Gigantic.23
Before the Storm
Interview went for a variety of my ideas, including my favorite, about space garbage.
I interviewed an Air Force Major at US Space Command. They were tracking 6,675 objects orbiting the Earth at the time (compared with 35,000 today plus millions of un-trackable ones, but that’s another story.)
There were also bands besides Agit Pop I wanted to write about, Interview didn’t go for any of them. Until one day Stephen called me at work.
“That band you like from Seattle, they just got signed to Geffen, so you can go for it.”
I called Nirvana’s manager to tell him the good news. My first clue should’ve been that he lived in LA, not Seattle. He instructed me like I was one of his lackeys.
“I can’t let you talk to them now,” he said, “then you won’t write about them six months from now, which is when I need you to do it.”
I called Stephen back, told him what the LA manager said.
“We’ll see about that,” Stephen said.
He called the manager himself. The article runs now or not at all.
The manager called me back with the contact info.
For phone interviews, I used that little Radio Shack suction cup microphone, the kind you stuck to the handset. It actually worked. I talked with Chris Novoselic first, then Dave Grohl who had just joined the band. When I’d seen Nirvana back in Seattle, their drummer had still been Chad Channing.
What transcription survives from Chris and Dave’s interviews has mostly to do with Nirvana leaving Sub Pop, how the label hadn’t so much created the scene but had been in the right place at the right time.
It took a few more days to get ahold of Kurt. When I did, he had a two-minute coughing fit, which seemed like a performance piece, I didn’t mention it in the article but it seems funny now.
We talked about AM radio, an early influence on both of us, instilling the absolute necessity of a pop hook.

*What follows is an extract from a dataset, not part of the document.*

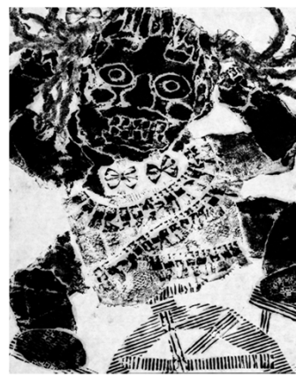
第1部門のセミナーヨ大賞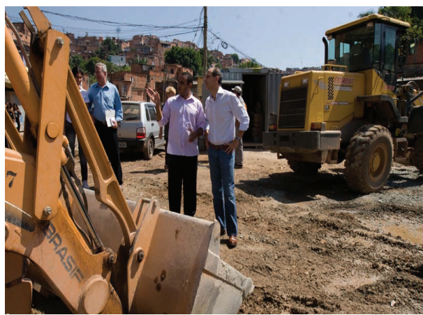
Paulo Skaf, presidente da FIESP, durante visita a Paraisópolis em que fechou parceria para instalação da Indústria do Conhecimento, que contará com sala de informática e biblioteca

When he was in 4th grade, his dad got conned into one of those Columbia House Record Club schemes—three for a penny, then overpriced records for the rest of your natural life. There were unopened rock albums lying all over their house.
“Some stoner guys lived in our trailer park, they’d come over to my house and steal ashtrays and eat my food,” he told me. “They said, Whoa, you got Aerosmith Rocks, you should listen to this!”
That started him on rock music. A few years later he got a guitar. Probably Kurt told some version of this story to a few people.
The more distinctive part of our discussion had to do with the first Iraq War, which kicked off for real within days of our conversation. This was the first all-out war scenario since Viet Nam, no one knew where this was going. We were both of draft-able age.
“You know Elvis did some time in the U.S. Army,” I half-joked, “I think he was a better man for it.”
“Didn’t he have a desk job?”
“Maybe you boys should just bite the bullet.”
“No, we’ve decided that we have some friends in England who may marry us,” he said, “so we’ll just go over there and get married and live there for a while.”
I admitted to him that I had friends in England and I was thinking of heading over there too.
None of this, of course, went into the article.
The piece in Interview, now considered to be the first national article about Nirvana, was only 350 words long, and barely took up a third of the page.
Desert Storm, it turned out, lasted barely a month. Nirvana never had to move to England and get married.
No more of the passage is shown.